Quinlan argued that there was more than sufficient evidence to warrant Coy's termination. Coy fatally shot Hill within seconds of their meeting. The bodycam footage showed Coy walking up to Andre Hill who was holding an illuminated cell phone in his left hand. The officer also failed to administer first aid after firing his gun at the Black man. "This is what accountability looks like," said Quinlan, before confirming that Coy will now have to answer to state investigators in connection with the case. Quinlan cited Coy's failure to activate his body-worn camera when responding to the call or during the incident or as one of the reasons why he sought Coy's firing. Coy had only turned on the camera after the shooting. The camera then activated the look-back feature that captured the 60 seconds prior to Coy turning it on. The department's rules state "sworn personnel shall activate (body-worn cameras) at the start of an enforcement action," which includes any call for service or self-initiated activity, according to a memo written by Quinlan.

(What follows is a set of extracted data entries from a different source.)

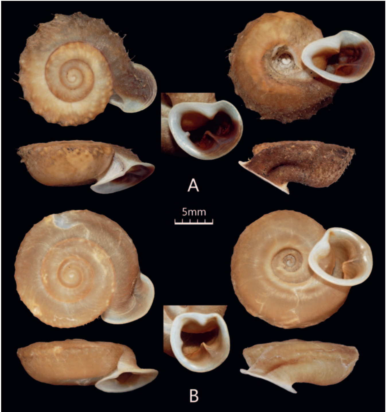
Figure 1 Photographs of two Moellendorffia species. A, Moellendorffia kuguaheshang sp. nov. (holotype, HBUMM10051, China, Guangxi Zhuang Autonomous Region, Nanning shi, Longan Xian, Dingdang Zhen). B, Moellendorffia qinglongi sp. nov. (holotype, HBUMM10052, China, Guangxi Zhuang Autonomous Region, Chongzuo Shi, Daxin Xian.).
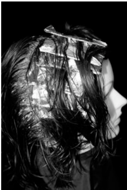
Chemical Services: Foiling Techniques (right front)
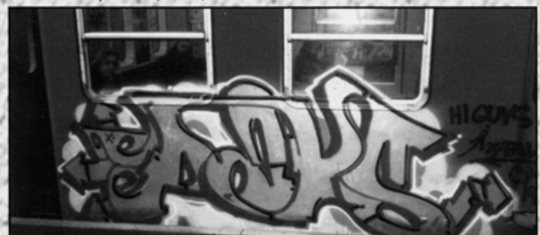
X.PAKS / CMD (S-Train)
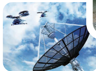
v Robotic Control
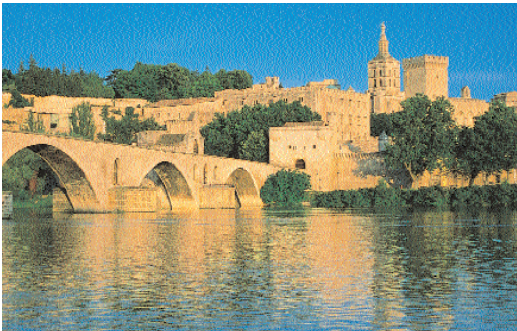
Gaze upon the imposing Papal Palace of Avignon, where nine popes resided during the 14th century's Great Schism.

Unpack once! This exceptional travel opportunity includes all accommodations, meals and exclusively arranged excursions for an incredibly low price. So, join us and experience a special way of life: Village Life in Burgundy and Provence .
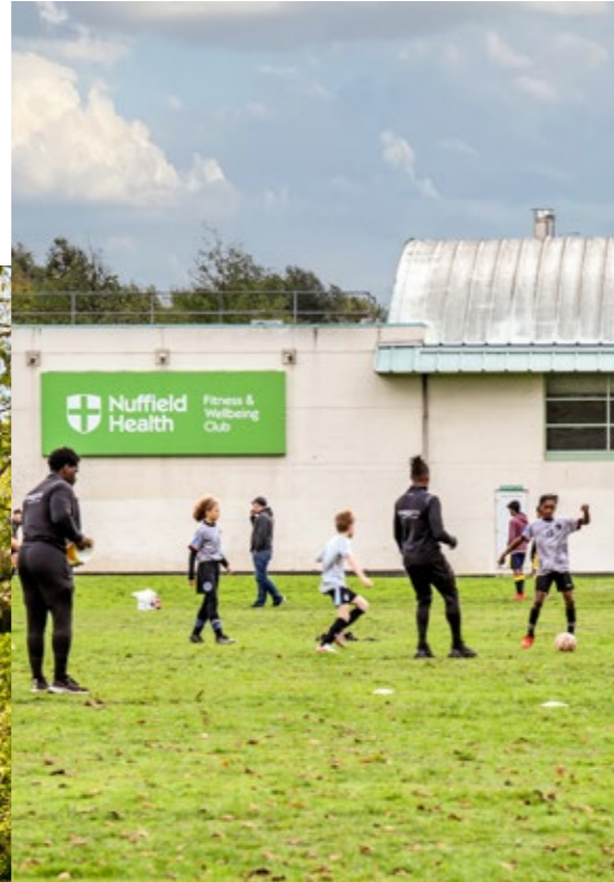
Nuffield Health Wandsworth
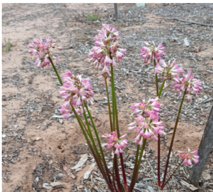
ABOVE: After the first autumn rains, Calostemma purpureum bursts from the soil, its rich wine-red flowers bringing colour and life to Pangarinda Botanic Garden.

Alongside it, another species adds contrast to the garden's seasonal display. Calostemma luteum , with its smaller but equally eye-catching yellow flowers, brings a bright, sunny tone to the autumn palette. Unlike many flowering plants, the flower heads of C. luteum gradually die back and form bulb-like structures. These drop to the ground and self-sow, allowing the plant to naturally regenerate and spread throughout the garden.
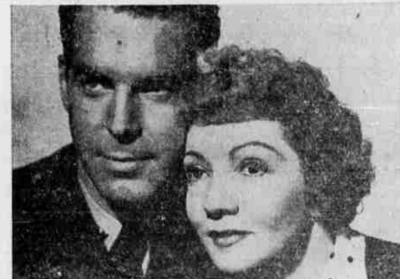
Fred MacMurray and Claudette Colbert are co-starred in the new romantic comedy, "Practically Yours," with Gil Lamb and Cecil Kellaway.
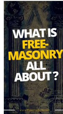
What is a "lodge"

The word "lodge" means both a group of Masons meeting in some place and the room or building in which they meet. Masonic buildings are also sometimes called "temples" because much of the symbolism Masonry uses to teach its lessons comes from the building of King Solomon's Temple in the Holy Land. The term "lodge" itself comes from the structures which the stonemasons built against the sides of the cathedrals during construction. In winter, when building had to stop, they lived in these lodges and worked at carving stone.
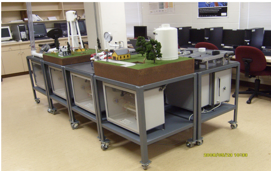
Figure 2. Critical Infrastructure Protection Center SCADA Lab

managed or maintained by IT staff in industrial settings. Such systems are pervasive in what is today referred to as our national critical infrastructure as defined by the U.S. government under Homeland Security Presidential Directive-7 8 . While much of this software is
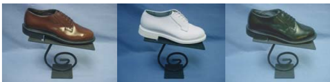
SHOES, DRESS (BROWN/BLACK/WHITE)
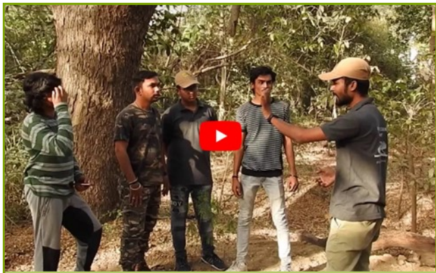
Short Film by NCS volunteers for Holi

NCS Volunteers had also prepared one Small Play on Eco Friendly Holi.
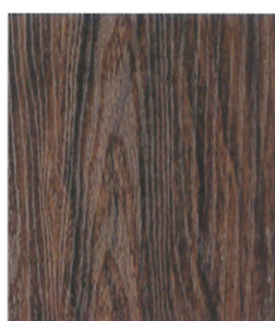
U-1609 DARK WALNUT

"Known facts do not establish that this use of deadly force was objectively reasonable. You failed to de-escalate, and failed to render aid," wrote Pettus in his ruling. Pettus added that other officers at the scene will also be investigated. As of now, cops have only released Coy's camera footage. "Because of the potential for those cases to come before me, and to protect the integrity and impartiality of that process and any future ruling, it is not appropriate for me to comment further," said Pettus. Coy will be able to appeal his firing.



 

Mayor Andrew Ginther, who was highly critical of the police force when the incident happened, lauded the decision to fire the concerned police officer. "The family and the entire community deserve it. We expect transparency, accountability, and justice," said Ginther. According to NBC News, the mayor earlier stated, "Enough is enough. This community is exhausted. The African American community is fearful and concerned and outraged. This is a stunning disregard for life."



 

 

"We look forward to reviewing all the bodycam footage and determining everything that happened leading to Andre Hill's death," read a statement from Andre Hill's family. "There's a video that the family understands exists, that after seven minutes of him laying motionless on the ground, they did put him in handcuffs," said Crump, Hill's sibling. "So we're demanding that the other police bodycam video be released so the world can see that they continued to show disrespect to unarmed Black people."